Regressive step

Pensions should be decided by the executive, not courts

EPFO, EPFO data, jobs
Business Standard Editorial Comment
3 min read Last Updated : Apr 07 2019 | 11:09 PM IST
The Supreme Court has upheld a Kerala High Court judgment against the Employees’ Provident Fund Organisation (EPFO), as a consequence of which certain amendments to how pensions have been calculated will be struck down. This will create a situation in which those who had a particularly high previously drawn salary and several years of service might see their pension raised by as much as 1,000 per cent. This is naturally not in keeping with the ethos of the provident fund, which has always been scaled towards aiding the saving and retirement of those at the lower rung of the formal sector. The Court may well have upheld this regressive order, but the question is where the money to pay these much larger pensions will come from. That question has certainly not been taken into account by the court.

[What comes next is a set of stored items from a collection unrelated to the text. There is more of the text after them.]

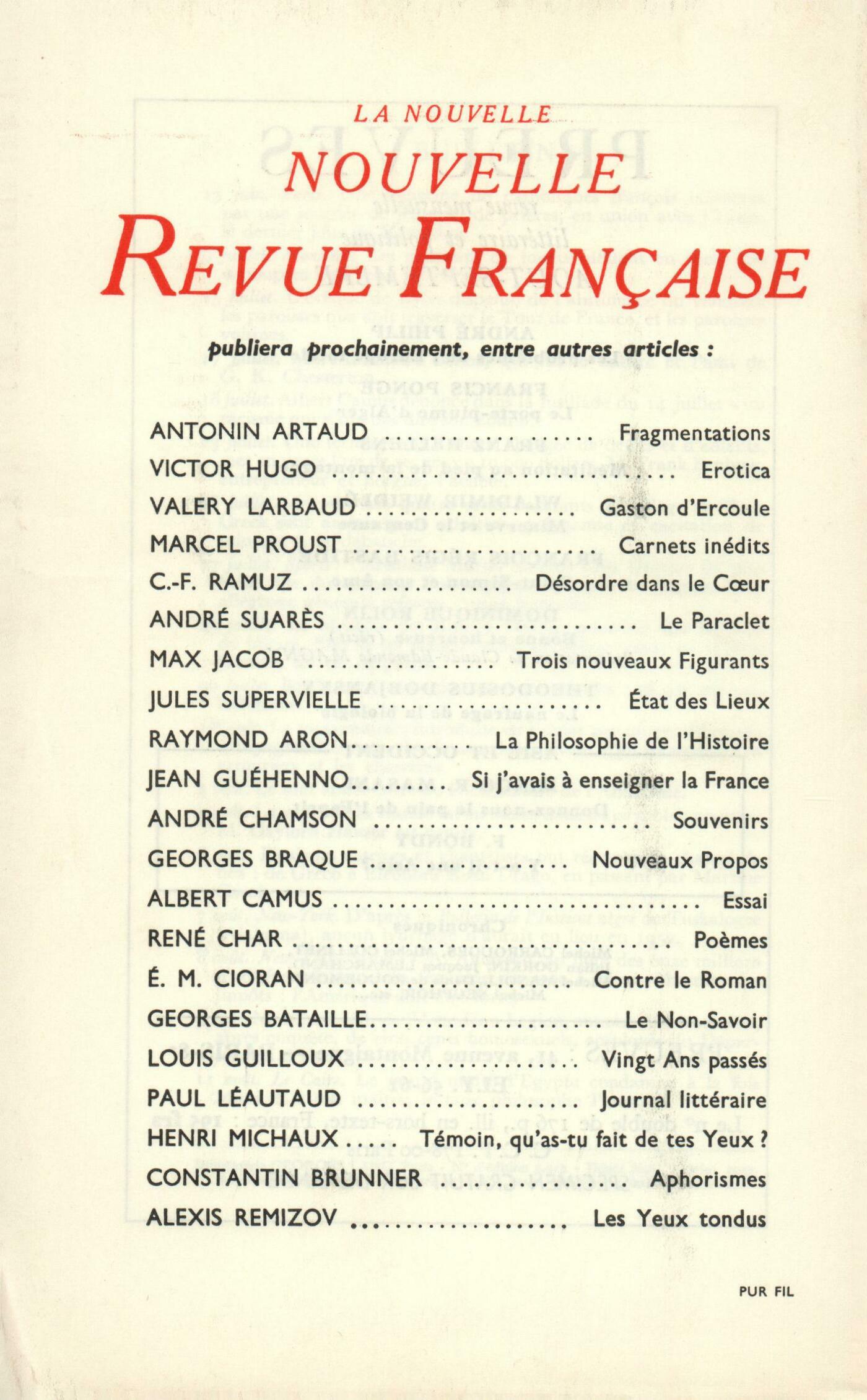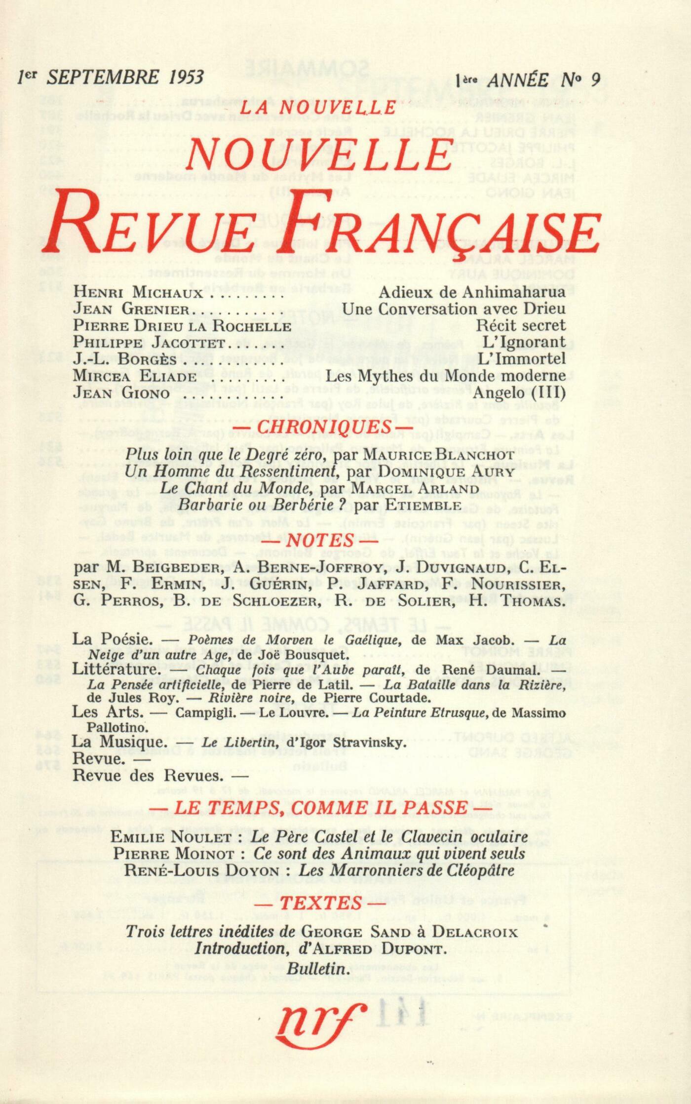 Henri Michaux, Adieux de AnhimaharuaJean Grenier, Une conversation avec Drieu la RochellePierre Drieu la Rochelle, Récit secretPhilippe Jaccottet, Trois počmes : L'Ignorant La voix L'hiverJorge Luis Borges, L'ImmortelMircea Eliade, Les Mythes du Monde moderneJean Giono, Angelo (III)Chroniques : recherches : Maurice Blanchot, Plus loin que le degré zéroChroniques : la littérature : Marcel Arland, Le Chant du MondeChroniques : les romans : Dominique Aury, Un homme du ressentimentChroniques : Étiemble, Barbarie ou Berbérie?Notes : la poésie : Henri Thomas, Les Počmes de Morven le Gaélique, par Max Jacob (Gallimard) - La Neige d'un autre Âge, par Joë Bousquet (Le Cercle du Livre)Notes : la littérature : Georges Perros, Chaque fois que l'aube paraît, par René Daumal (Gallimard)Marc Beigbeder, La Pensée artificielle, par Pierre de Latil (Gallimard)François Nourissier, La Bataille dans la rizičre, par Jules Roy (Gallimard) - Rivičre noire, par Pierre Courtade (Éditeurs Français Réunis)Notes : les arts : René de Solier, Campigli (Galerie de France)André Berne-Joffroy, Le LouvrePaul Jaffard, La Peinture étrusque, par Massimo Pallotino (Skira)Notes : la musique : Boris de Schlzer, Le Libertin, d'Igor Stravinsky (Opéra-Comique)Revue : Claude Elsen, Histoires sous le vent, par Jacques Perret (Gallimard)Georges Perros, Le Royaume errant, par Marie Mauron (Amiot-Dumont) - La grande Foutaise, par Gaston Criel (Fasquelle)Françoise Ermin, Le Cygne, par Marguerite Steen (Albin Michel)Jean Guérin, La Mort d'un prętre, par Bruno Gay-Lussac (Julliard)Georges Perros, Histoire de mille hectares, par Maurice Bedel (Grasset) - La vache et la Tour Eiffel, par Georges Belmont (Laffont) - Petite philocalie de la pričre du cur (Cahiers du Sud) - L'ami des peintres, par Francis Carco (Gallimard)Jean Duvignaud, Mariage de Figaro, mise en scčne de Jean Mayer (Le Seuil)Revue des revues : Anonymes, Les Temps Modernes et la littérature de la cruautéMircea Eliade, La Nostalgie du ParadisJean Guérin, DiversLe temps, comme il passe : Pierre Moinot, Ce sont des animaux qui vivent seulsÉmilie Noulet, Le Pčre Castel et le ŤClavecin oculaireťRené-Louis Doyon, Les Marronniers de CléopâtreTextes : George Sand, Trois lettres inédites ŕ Eugčne Delacroix Anonymes, Bulletin
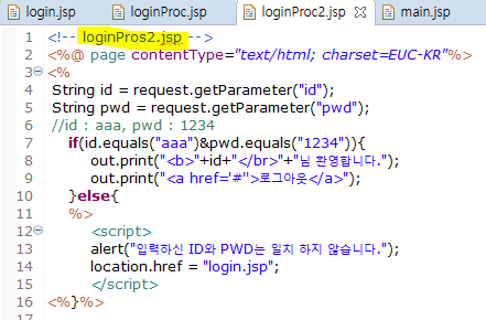 if(id.equals("aaa")&pwd.equals("1234")){
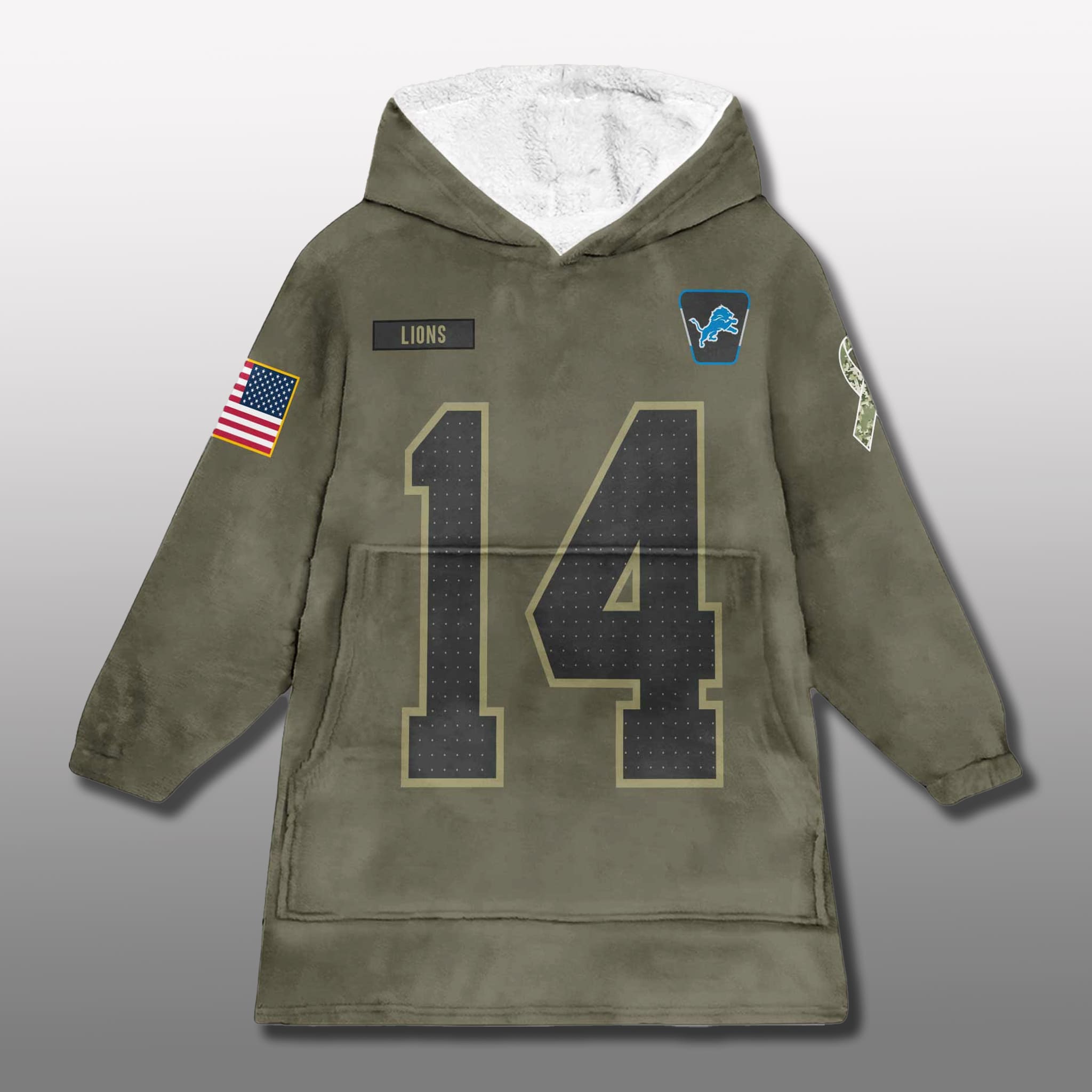 The Lions Salute To Service 2025 Blanket Hoodie is a special design that not only offers warmth and comfort but also carries a meaningful message of appreciation. Inspired by military spirit, this blanket hoodie combines outstanding comfort with pride for the Detroit Football and player number 14. Wearing it allows fans to relax fully while expressing meaningful support for both the team and the heroes who serve.
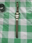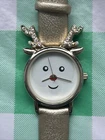 This watch is used and shows signs of wear. There is a crystal missing on the reindeer antlers as seen in the photos. Please ask any questions you may have and we will get back to you as soon as possible. New battery installed upon purchase
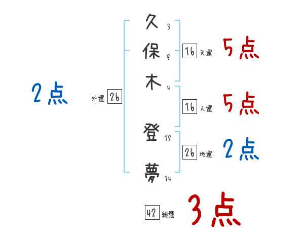 人運![]() | 久保木登夢さんの人運は16画の5つ星!人望が厚く大きく発展する。逆転成功が見える。 性格や才能などを表す2番目に重要な運勢です。人間関係や協調性、社会的な成功に影響します。主に20歳から50歳ぐらいまでの中年期の運勢を表します。 |
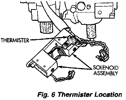 The thermistor is mounted on the solenoid assembly fig.6. It is immersed in transmission fluid at all times.
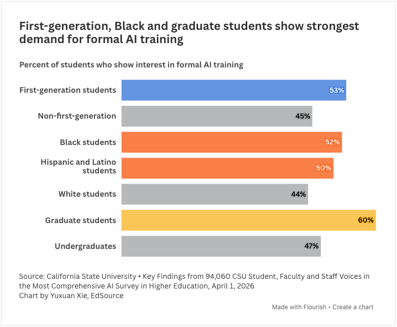 The 2025 survey shows that first-generation students are more interested in formal AI training and that Black, Hispanic and Latino students are more interested than white students. At San Diego State, students are required to earn a micro-credential in AI use during their first year — another change that was made after the 2023 survey.
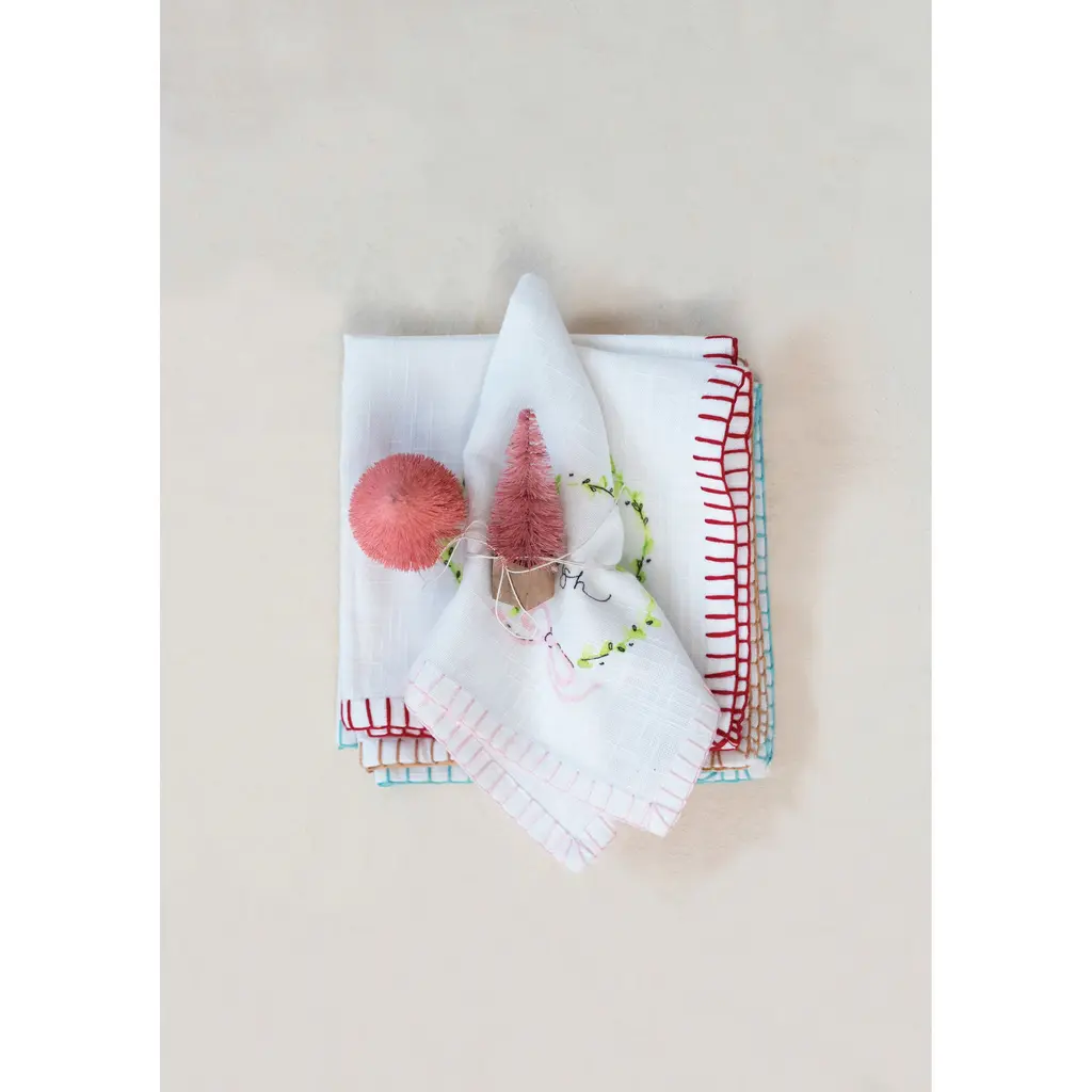 Liven up your festive feast with these 100% linen napkins, hand-embroidered in London with a personal touch!These vibrant beauties will be the toast of the table, adding a pop of color to your classic white linen—they're the yuletide accompaniment you've been dreaming of!We can add names under the embroidery also, please add below
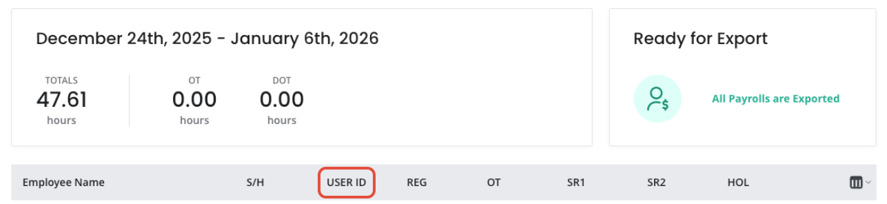 Renamed the “Employee No.” column to User ID across the Users page, column selector, exports, and the Payroll page to ensure consistent terminology throughout the application.
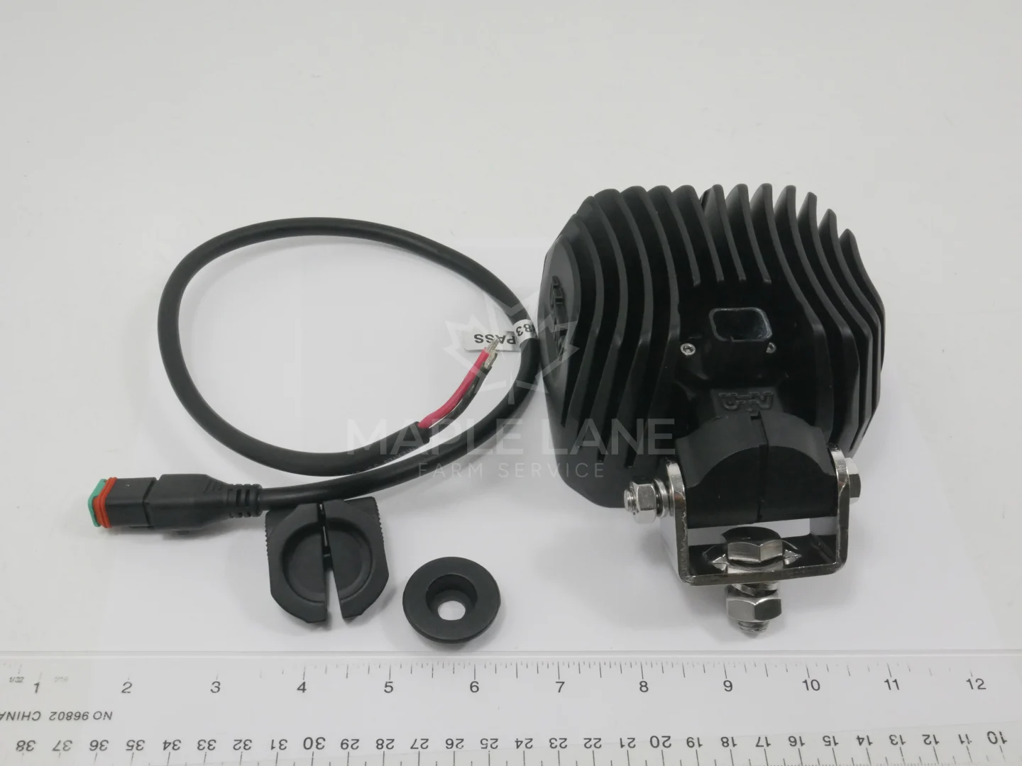 This light uses a male 2-pin Deutsch connector. It also comes with the plug and pigtail if your machine has a different plug.
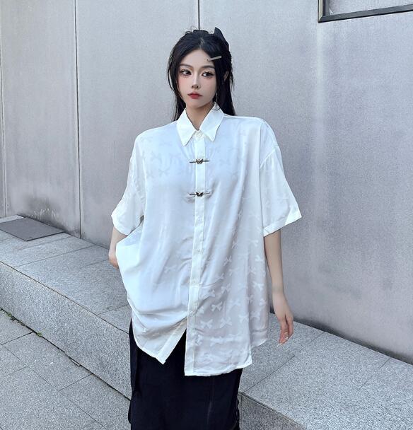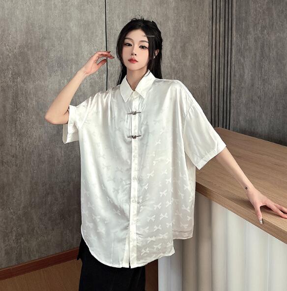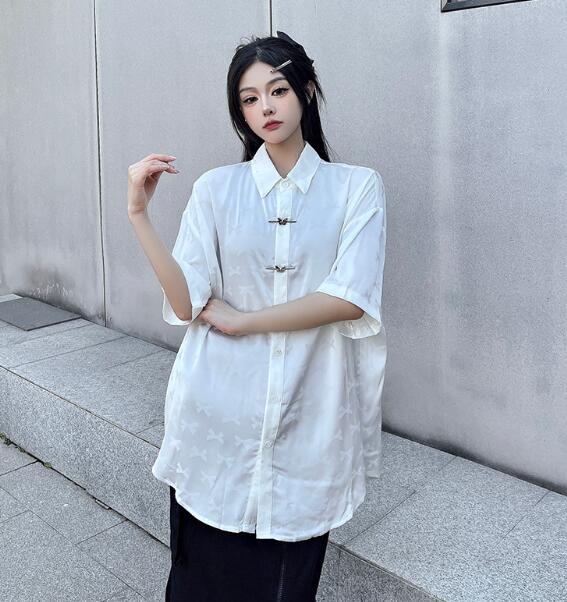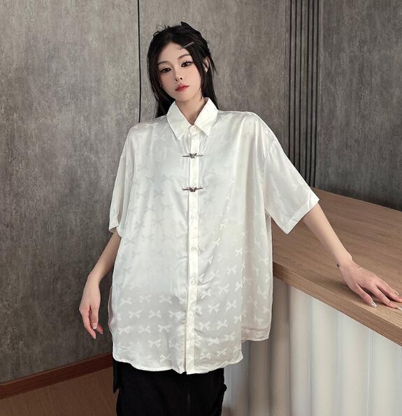シアースリーブ ドッキングシャツ ボウタイシャツブラウス
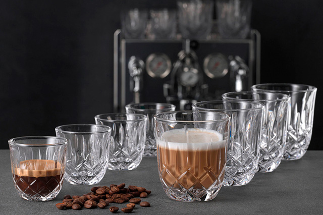 Кофеманы, которые следят за тенденциями, предпочитают хрустальные стаканы. Звучит необычно, но такое решение набирает обороты, и с каждым днем ассортимент таких стаканов растет. Итак, набор стаканов для эспрессо и капучино от Nachtmann – универсальное решение для тех, кто предпочитает разный кофе. У Nachtmann, кстати, есть великолепный набор бокалов для холодного кофе невероятной красоты.
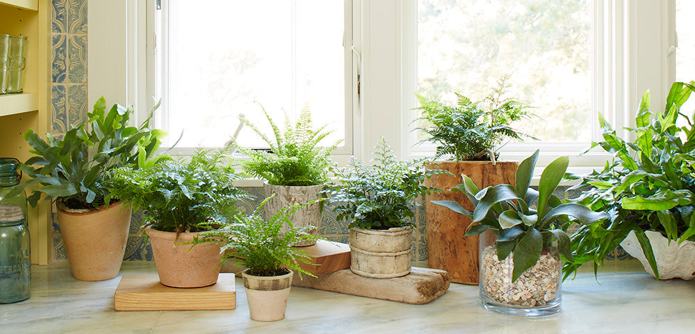 Keep ferns healthy and beautiful by providing them with average to above-average relative humidity levels. Their love of moist air makes ferns perfect houseplants for bright bathrooms or kitchens. If ferns don't get enough humidity, their fronds may turn brown and dry prematurely. Because they like humidity, most ferns are ideal plants for terrariums.
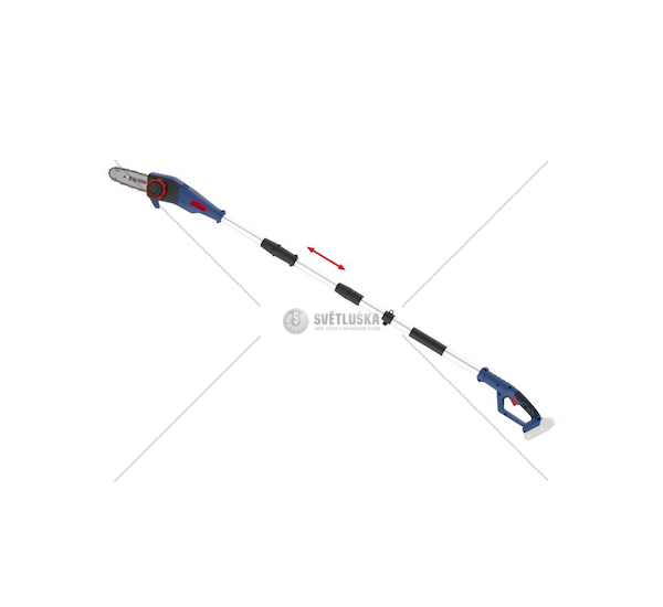 Akumulátorová vyvětvovací pila, určená k prořezávání vzrostlých stromů ze země. Prosvětlení korun stromů vyřezáním nadbytečných výhonů a rozvětvení; odstraňování prasklých, zlomených nebo suchých větví atp.Akumulátorová vyvětvovací pila AST 18, dodávaná bez akumulátoru a nabíječky („holé nářadí“). Rozsah použití, funkce, konstrukce i technické parametry viz AST 18-201-05 (58594).
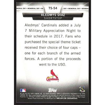 This is a 2018 Topps Salute Aledmys Diaz baseball card. The card is #TS-54 and pictures show condition.

This appears to be an instance of legislative over-reach. The structure of the pension plan, the profitability and sustainability of the scheme, and so on, are questions that are properly determined by the executive. It is the executive that has to decide the proper distribution of subsidies and taxes — and support provided to state-guaranteed pension funds are nothing but a subset of that fiscal decision, which in all countries must remain with the executive. The executive, not the judiciary, is where the trade-offs that determine who benefits from guaranteed pensions should take place. For example, the EPFO system, which is limited essentially to employees in the formal sector, may not be considered the best form of savings, given the small size and disproportionate bargaining power of formal sector employment.

It is also entirely the executive’s decision to decide how tax revenue must be spent to ensure greatest justice as long as the fundamental rights are not being ignored. If the executive believes that pensions are a less effective use of tax revenue than, say, health care, that is the executive’s prerogative. Certainly, there are many Indian savings schemes open to the formal sector. On the other hand, health care is under-resourced, which hurts many older people. And employees who are outside the formal economy struggle to access proper savings schemes that are both state-guaranteed and provide a minimum return. This is part of the reason for the popularity of pyramid schemes and “chit funds”. The judiciary can naturally not take any of these important questions into account — which is why it is best to allow the executive to make this sort of decision.

It is worth noting that the government has already set up a better alternative to the EPFO, which is allowing for high-end savers, namely the National Pension Scheme (NPS). The EPFO accounts should have been migrated to the NPS. In order to ensure that pension schemes can pay for themselves in time, entitlements based on individual pay-ins, structured around retirement accounts, are a good idea. However, how can the government proceed with such much-needed reforms if the courts believe that they can step in to prevent them from being carried out? Rational analysis, and not arbitrary court orders, should decide what proportion of an employee’s earnings should mandatorily be saved.